Invece io non credo che gli atti di governo si possano giudicare sul piano simbolico, o metaforico. Siamo allo storytelling del
governo senza il governo. Al racconto delle riforme senza le riforme.
Ma la bontà di un metodo (di un gesto, di una finestra aperta, di una
ventata d’aria…) va giudicata sulla base dei risultati che produce, non
su quello degli effetti mediatici che suscita.
In
questi giorni, tuttavia, anche molti colleghi e amici mi hanno detto
che tutto quello che ho appena scritto è verissimo, ma che la situazione
dei musei era così compromessa che qualunque ‘novità’ era comunque
preferibile al ‘vecchio’. Insomma, Franceschini avrebbe fatto bene a
comportarsi, rispetto al nostro patrimonio, come l’amante descritto da
una splendida canzone di Fabrizio De André: «E sarà la prima che
incontri per strada / che tu coprirai d’oro per un bacio mai dato, /per
un amore nuovo».
Io
non sono d’accordo. Riconosco – e credo di averlo scritto più di tutti –
le infinite, gravissime insufficienze, e perfino i veri e propri
tradimenti, di molti dei funzionari delle soprintendenze a cui erano
affidati quei musei. Ma credo che la strada imboccata da Franceschini
aggiungerà danno a danno, stortura a stortura, errore ad errore. O
davvero pensiamo che affidare la Reggia di Caserta a un esperto di
marketing e il Museo Archeologico di Napoli a un funzionario comunale
(per approfondimenti rinvio al mio articolo uscito oggi sulla cronaca
napoletana di «Repubblica») sia la soluzione? O anche solo che sia
meglio del ‘vecchio’?
Quando,
nella Commissione Bray per la riforma del Mibact, cominciammo a
discutere dell’autonomia di alcuni grandi musei italiani, pensammo e
dicemmo che l’autonomia doveva essere funzionale a rendere questi musei
dei veri centri di ricerca, capaci di tornare a produrre, e quindi a
redistribuire, conoscenza. Tutto questo non è avvenuto: come ammette
Paolo Baratta, che sedeva in quella commissione e oggi ha presieduto
quella per la scelta dei direttori. Oggi l’Archeologico di Napoli ha 6
archeologi e Capodimonte 5 storici dell’arte, Brera 4, la Galleria
Estense di Modena 2 e la Galleria Borghese 3: di quali supermusei stiamo
parlando? E di quale rivoluzione culturale? Qua nemmeno un direttore
come Roberto Longhi potrebbe fare qualcosa di serio!
Infine,
quando pensavo che i musei sarebbero potuti ritornare ad essere luoghi
civici e centri di umanizzazione, avevo in mente la triste sorte degli
Uffizi, asserviti alle più spietate logiche del mercato. In questi anni
ho più volte scritto che l’enorme responsabilità di questa mutazione era
anche da ascrivere al tradimento di chi ha governato negli ultimi
decenni la Soprintendenza di Firenze: e ho deplorato il fatto che le
encomiabili resistenze del direttore degli Uffizi non avessero mai
trovato la forza, né peraltro avessero gli strumenti di autonomia, per
emergere esplicitamente ed efficacemente.
Ebbene,
la prime dichiarazioni del nuovo direttore Eike Schmidt non hanno
riguardato la ricerca o l’accesso dei cittadini alla conoscenza, ma – suscitando il giusto sdegno di Jean Clair –
la sua determinazione ad affittare ai privati le sale del museo per
eventi commerciali e convention di imprese. Evidentemente, Franceschini
ha dunque raggiunto il suo scopo: eliminare anche quell’ultimo residuo
di timide resistenze alla completa mercificazione del nostro patrimonio.

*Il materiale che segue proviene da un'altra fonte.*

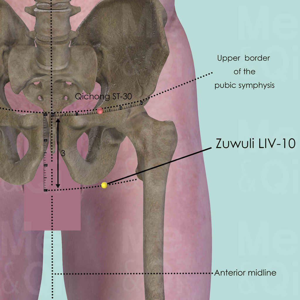 3 cun inferior to Qichong ST-30 which is on the upper border of the symphysis and 2 cun lateral to the anterior midline. The point is also on the lateral border of adductor longus muscle.

Ecco qual era il famoso ritardo finalmente recuperato.
Spero
di sbagliarmi: magari – nonostante la loro diretta nomina ministeriale –
i nuovi direttori saranno più liberi, coraggiosi e forti dei loro
predecessori. Forse si getteranno in quelle battaglie che sono state
disertate dai loro predecessori. Lo spero davvero. Ma per ora non riesco
a vedere nessuna novità, nessuna rivoluzione culturale. Vedo solo che
il lungo smantellamento del progetto della Costituzione sul nostro
patrimonio culturale conosce in questi giorni un nuovo, deprimente
traguardo.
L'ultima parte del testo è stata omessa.